Sandy is a working-class mother of three. Along with her children, Sandy shares her home with her 81-year-old mother and her older sister. Four of them, including her two working-age kids, hold down full-time employment to help pay the bills. Those four each have their own cars, which they rely on to get to and from work. And given their varying schedules and responsibilities, that means that parking all the cars neatly in their relatively small driveway can be tricky. While they have been mostly successful over the years, Lantana has cited Sandy a handful of times for violating a town ordinance that strictly prohibits parking even partially on the lawn rather than perfectly on the driveway.
As if this kind of picayune enforcement wasn’t bad enough, Lantana doesn’t just issue a one-time citation when code enforcement officers notice a violation of an ordinance, as most Floridians might expect. Instead, the citation sets a fine amount, and that amount accrues each and every day until the offender calls the city and formally requests an inspection to verify that the violation has been fixed. So even if someone has long since fixed a violation, fines can rapidly snowball into thousands of dollars or more if the homeowner forgets to ask an inspector to come by and confirm.
That’s exactly what happened to Sandy. Each time Sandy was cited for a parking violation, she remedied the issue quickly. But getting ahold of the town can prove to be extremely difficult. In one instance, after several unsuccessful attempts to reach an inspector, Sandy simply forgot to continue following up. And so the fines of $250 per day—for parking on her own lawn—continued to add up, every day. The fines then continued to accrue for more than a year. Once Sandy found out the fines were still running, she immediately called again and secured an inspection. But by that time, the fines for that single parking citation had grown to the astronomical amount of $101,750.

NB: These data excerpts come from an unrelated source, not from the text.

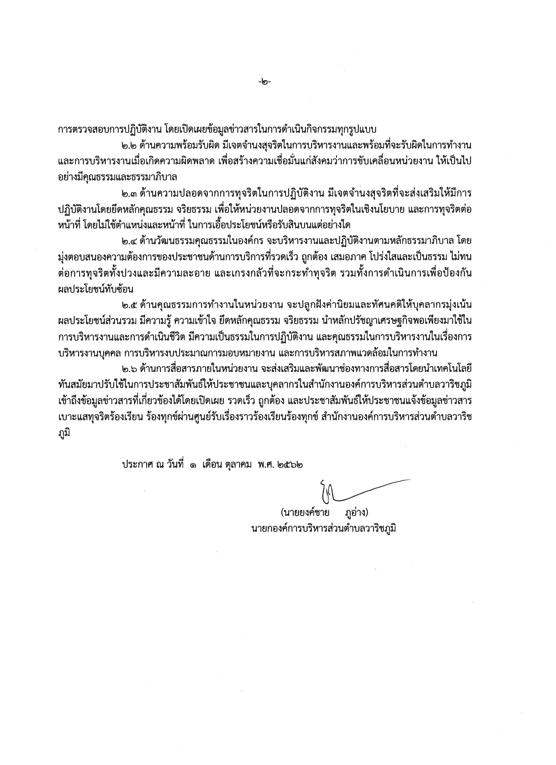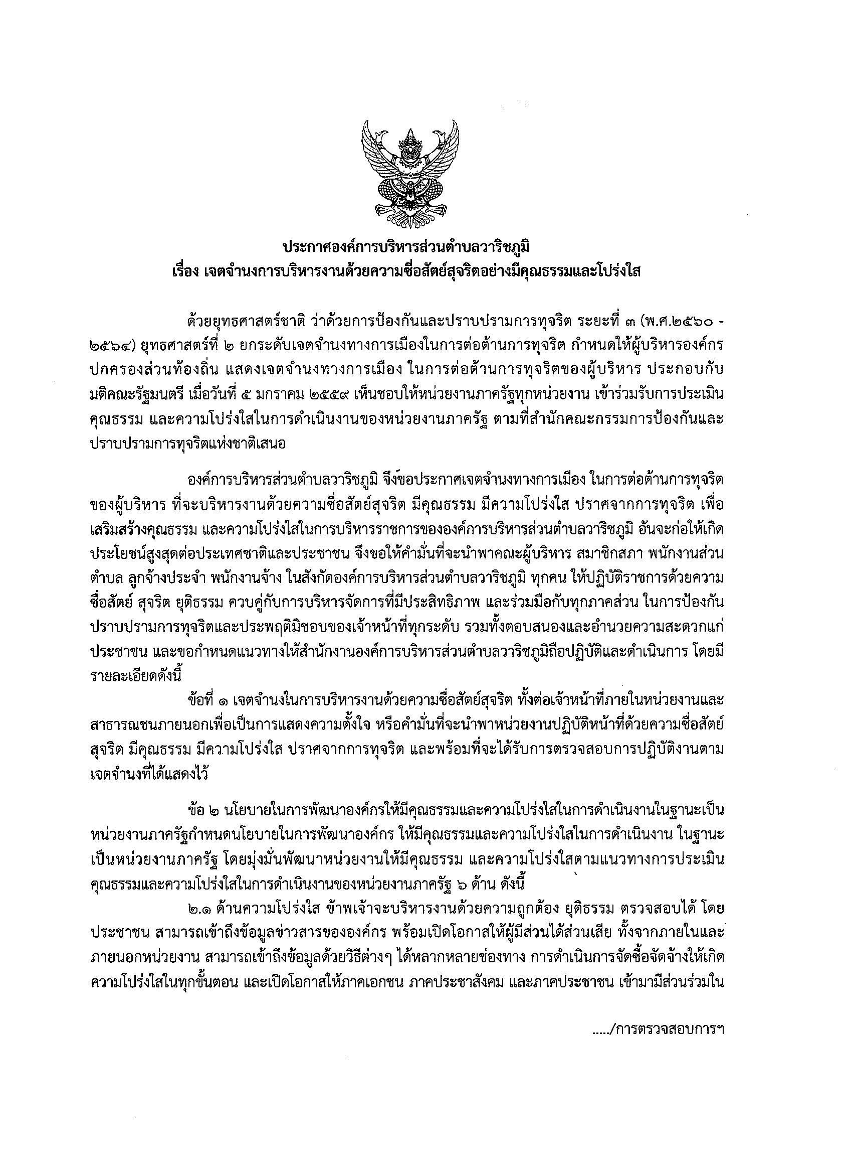 ประกาศการเสริมสร้างวัฒนธรรมสุจริต โปร่งใ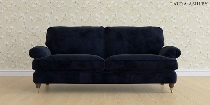 6.12.1 Buy Beaumaris by Laura Ashley 3 Seater Sofa Orla Midnight Navy Low Brass Castor - Chestnut from the Next UK online shop Click here to use our accessible website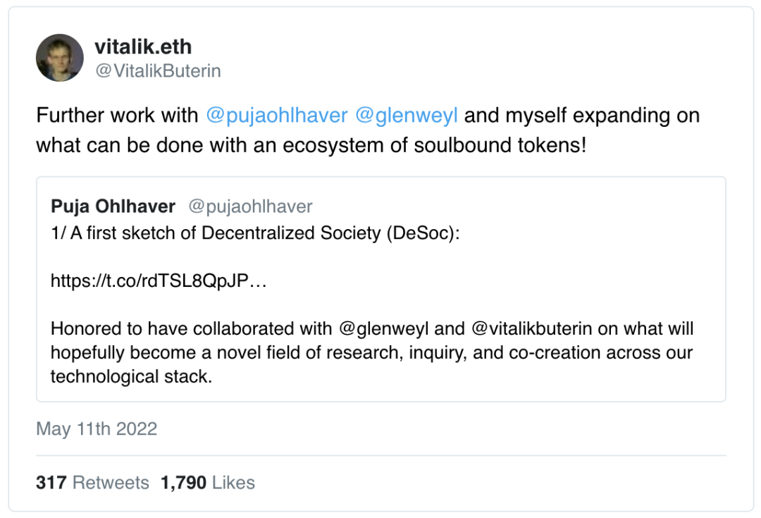 值得注意的是,這篇論文的研究核心是圍繞不可轉讓的“靈魂綁定”NFT的新人文可能性,而 Vitalik Buterin 今年一直在探索這個話題。

To make matters worse, this wasn’t Lantana’s first time imposing a crippling fine on Sandy for a minor infraction. One time, a fence on her property became heavily damaged during a storm, and Sandy was stuck waiting for her insurance claim to process so she could afford to replace it. Rather than express understanding with her predicament, Lantana imposed daily fines for the downed fence that totaled more than $47,000. And in another instance, Lantana fined Sandy more than $16,000 for cracks in her own driveway that she couldn’t immediately afford to fix.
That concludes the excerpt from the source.